### Exercise aim
Reproduce, exactly and only, the lines of the data that follows from the one containing "- Bij de meeste" down to the one containing "mutual-fund-compare-fixed-deposit-gold-sensex", without pictures.

Collected data

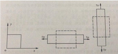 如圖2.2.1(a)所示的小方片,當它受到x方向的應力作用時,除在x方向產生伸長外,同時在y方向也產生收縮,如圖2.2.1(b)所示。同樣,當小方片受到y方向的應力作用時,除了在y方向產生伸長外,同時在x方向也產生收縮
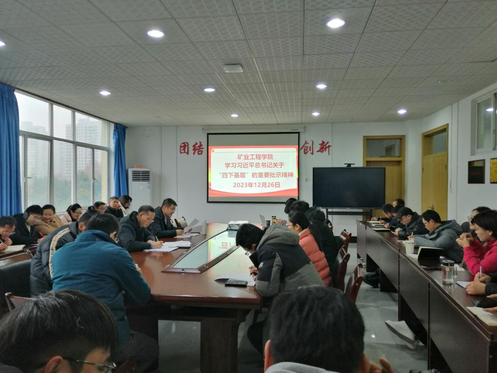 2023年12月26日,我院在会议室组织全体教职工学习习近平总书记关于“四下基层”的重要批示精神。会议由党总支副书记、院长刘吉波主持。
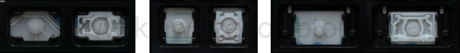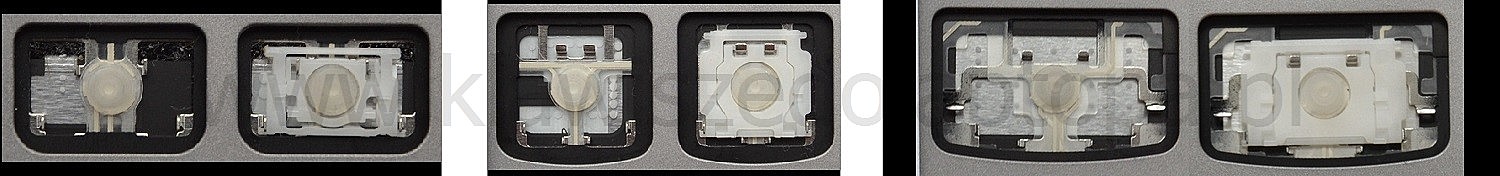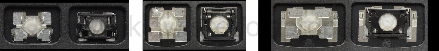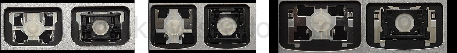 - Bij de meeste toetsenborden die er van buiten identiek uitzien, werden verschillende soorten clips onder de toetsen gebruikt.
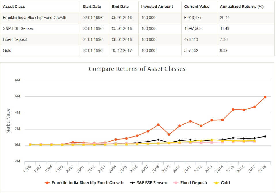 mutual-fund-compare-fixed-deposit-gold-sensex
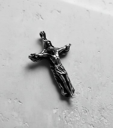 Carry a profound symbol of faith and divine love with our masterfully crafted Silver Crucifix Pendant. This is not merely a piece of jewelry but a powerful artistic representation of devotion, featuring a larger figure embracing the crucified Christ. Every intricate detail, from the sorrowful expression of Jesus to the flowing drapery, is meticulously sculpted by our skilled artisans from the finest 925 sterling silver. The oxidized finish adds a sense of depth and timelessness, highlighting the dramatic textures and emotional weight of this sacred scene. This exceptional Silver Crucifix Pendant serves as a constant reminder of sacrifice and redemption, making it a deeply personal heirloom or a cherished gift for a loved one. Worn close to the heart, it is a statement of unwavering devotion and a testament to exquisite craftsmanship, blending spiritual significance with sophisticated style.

### Solved exercise
 - Bij de meeste toetsenborden die er van buiten identiek uitzien, werden verschillende soorten clips onder de toetsen gebruikt.
 mutual-fund-compare-fixed-deposit-gold-sensex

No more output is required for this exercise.